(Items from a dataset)
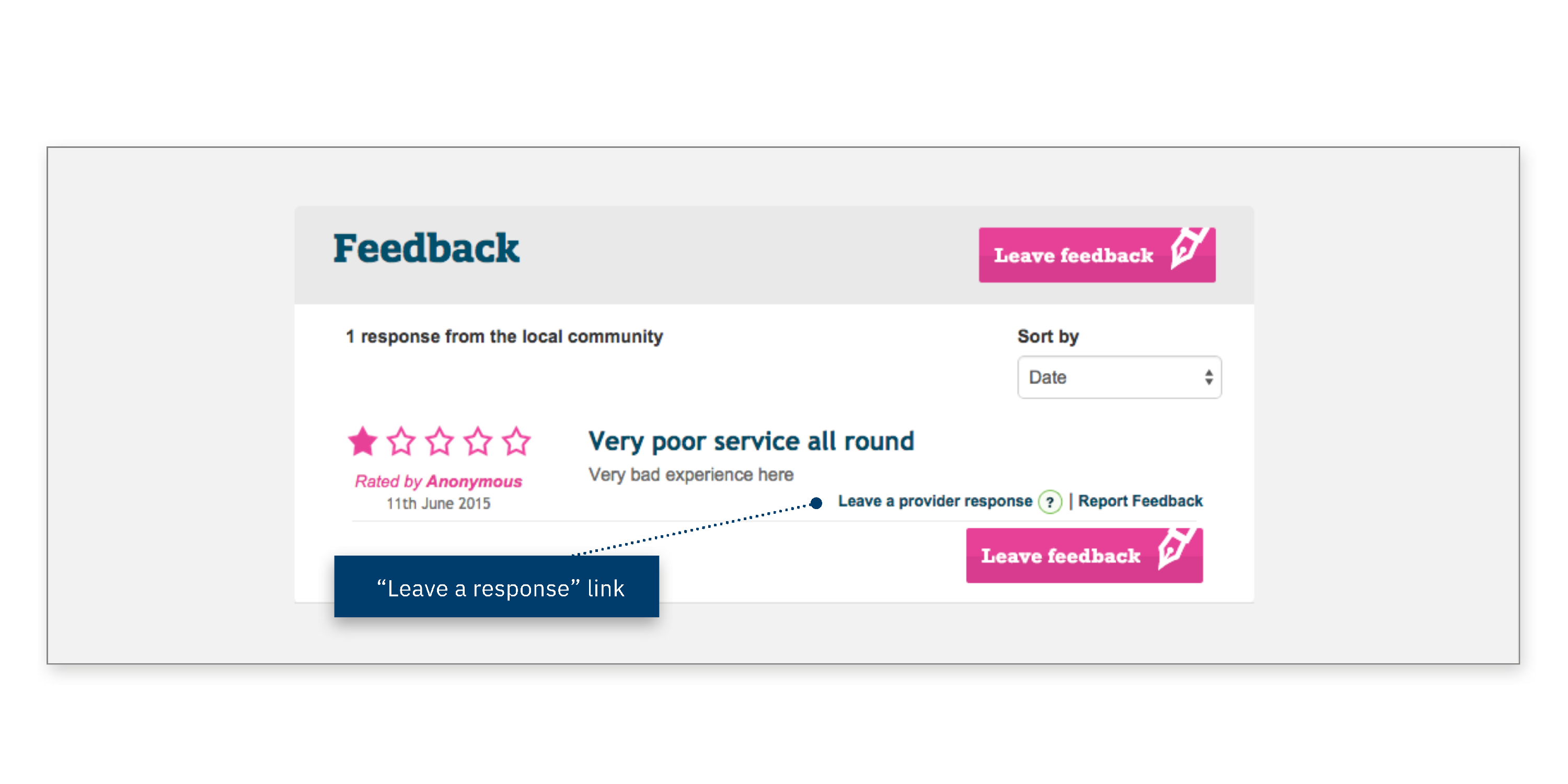 When a review is left the provider will be able to click on “Leave a provider response”.
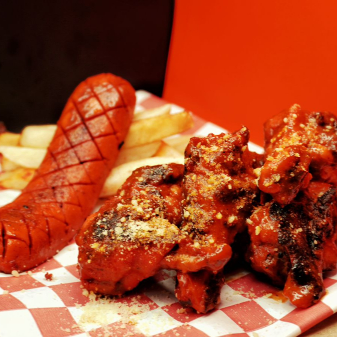 3 ordenes boneless y/o alitas con 3 salchichas rojas, 3 oz aderezos ranch y chipotle, Elige tu salsa(s) (MIXTO ESPECIFICAR)y de ambas papas.
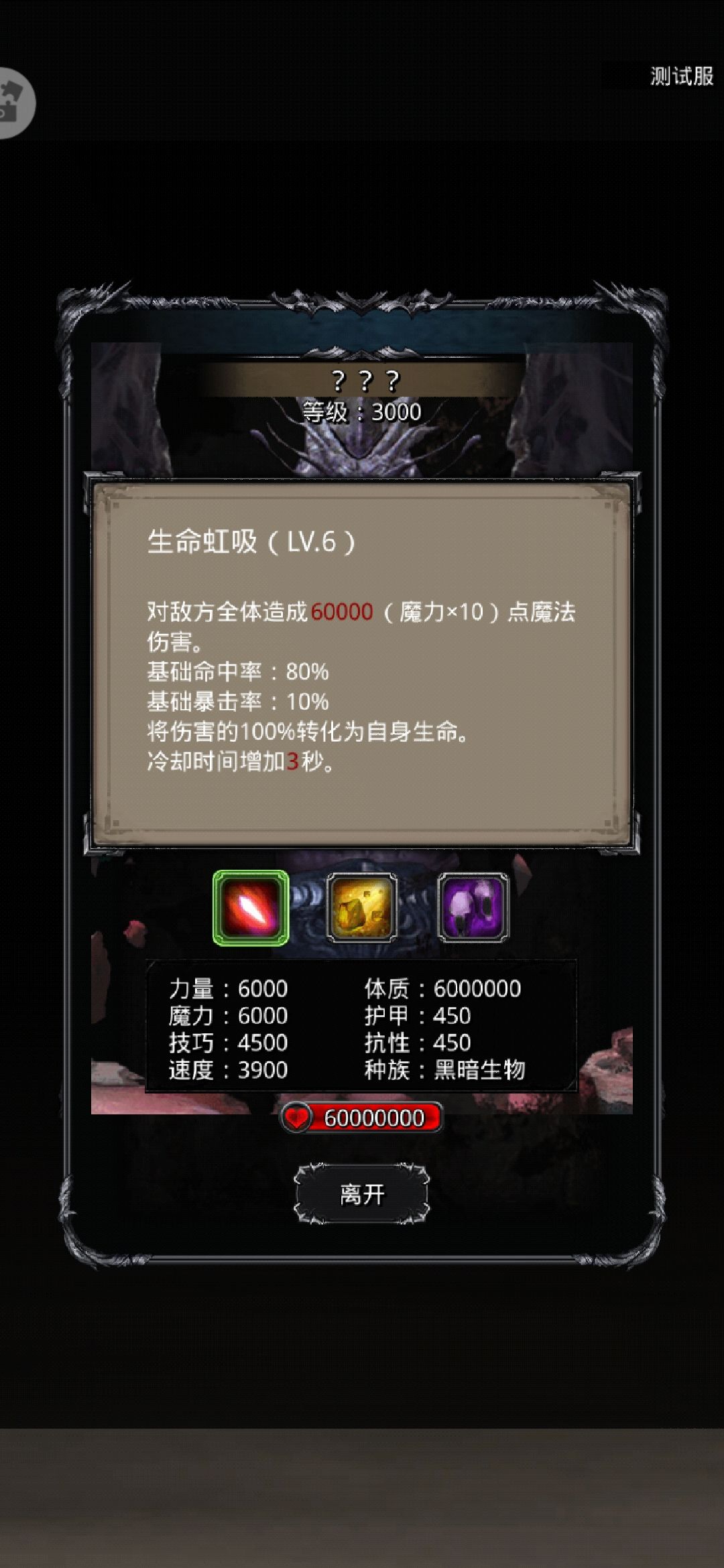 boss一轮技能15秒。物伤45000,魔伤90000。80%抑制治疗相当于伤害放大五倍。可以发现,这个古神比骨头龙伤害还恐怖(骨头龙是360000魔伤)
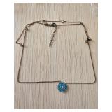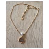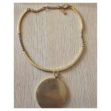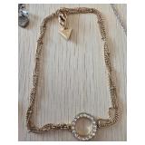 Gold-Tone Chain Necklace with Circular Rhinestone |
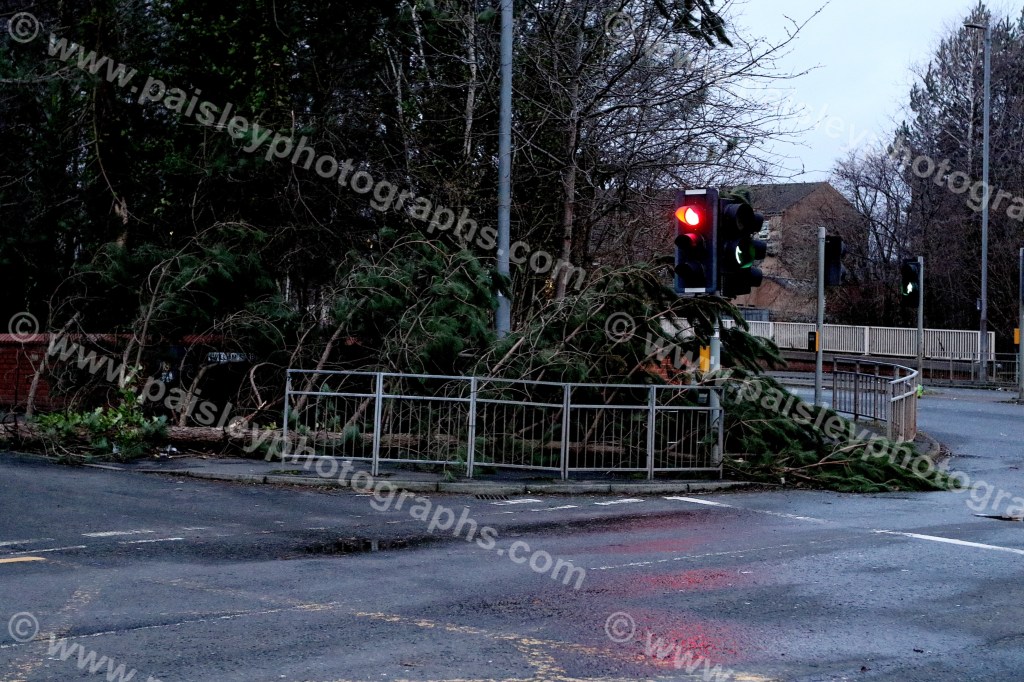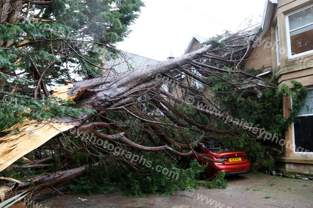 In Renfrew, Paisley Road saw a large tree split under the sheer force of the winds, crashing into a nearby house and damaging a car along the way. The residents have been offered temporary accommodation while repairs are assessed.
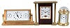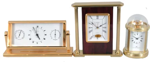 Clocks- 3 (Three) Fancy Modern Desk: (1) Mathew Norman, Switzerland, carriage clock, 8 day, time only, spring driven movement with visible balance wheel movement in a highly polished brass case with beveled glass sides and dome top; (2) Chelsea Clock Co., Boston, quartz clock with thermometer and hygrometer in polished brass case; (3) Linden, North Smithfield, RI, quartz table clock in a wood and metal case. High quality modern clocks in excellent condition. The Norman and Linden are in their original packaging. The Chelsea comes in a branded felt bag. The Norman ticks briskly when wound, showcasing the visible balance wheel escapement. The Chelsea will need a new, specialized battery. Sold "as is ".
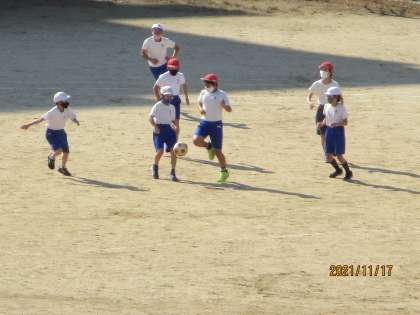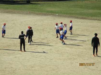 5・6年生は2時間目にセレッソの栄養士の方の食育の授業を受け,3時間目はセレッソのコーチの方からサッカーの指導を受けました。写真は男子の試合形式の練習の様子です。

Task brief
Only the lines from the one containing "3 ordenes boneless" through the final line of the entries belong in the copy, both ends included. Pictures stay out.

Your response
 3 ordenes boneless y/o alitas con 3 salchichas rojas, 3 oz aderezos ranch y chipotle, Elige tu salsa(s) (MIXTO ESPECIFICAR)y de ambas papas.
 boss一轮技能15秒。物伤45000,魔伤90000。80%抑制治疗相当于伤害放大五倍。可以发现,这个古神比骨头龙伤害还恐怖(骨头龙是360000魔伤)
 Gold-Tone Chain Necklace with Circular Rhinestone |
 In Renfrew, Paisley Road saw a large tree split under the sheer force of the winds, crashing into a nearby house and damaging a car along the way. The residents have been offered temporary accommodation while repairs are assessed.
 Clocks- 3 (Three) Fancy Modern Desk: (1) Mathew Norman, Switzerland, carriage clock, 8 day, time only, spring driven movement with visible balance wheel movement in a highly polished brass case with beveled glass sides and dome top; (2) Chelsea Clock Co., Boston, quartz clock with thermometer and hygrometer in polished brass case; (3) Linden, North Smithfield, RI, quartz table clock in a wood and metal case. High quality modern clocks in excellent condition. The Norman and Linden are in their original packaging. The Chelsea comes in a branded felt bag. The Norman ticks briskly when wound, showcasing the visible balance wheel escapement. The Chelsea will need a new, specialized battery. Sold "as is ".
 5・6年生は2時間目にセレッソの栄養士の方の食育の授業を受け,3時間目はセレッソのコーチの方からサッカーの指導を受けました。写真は男子の試合形式の練習の様子です。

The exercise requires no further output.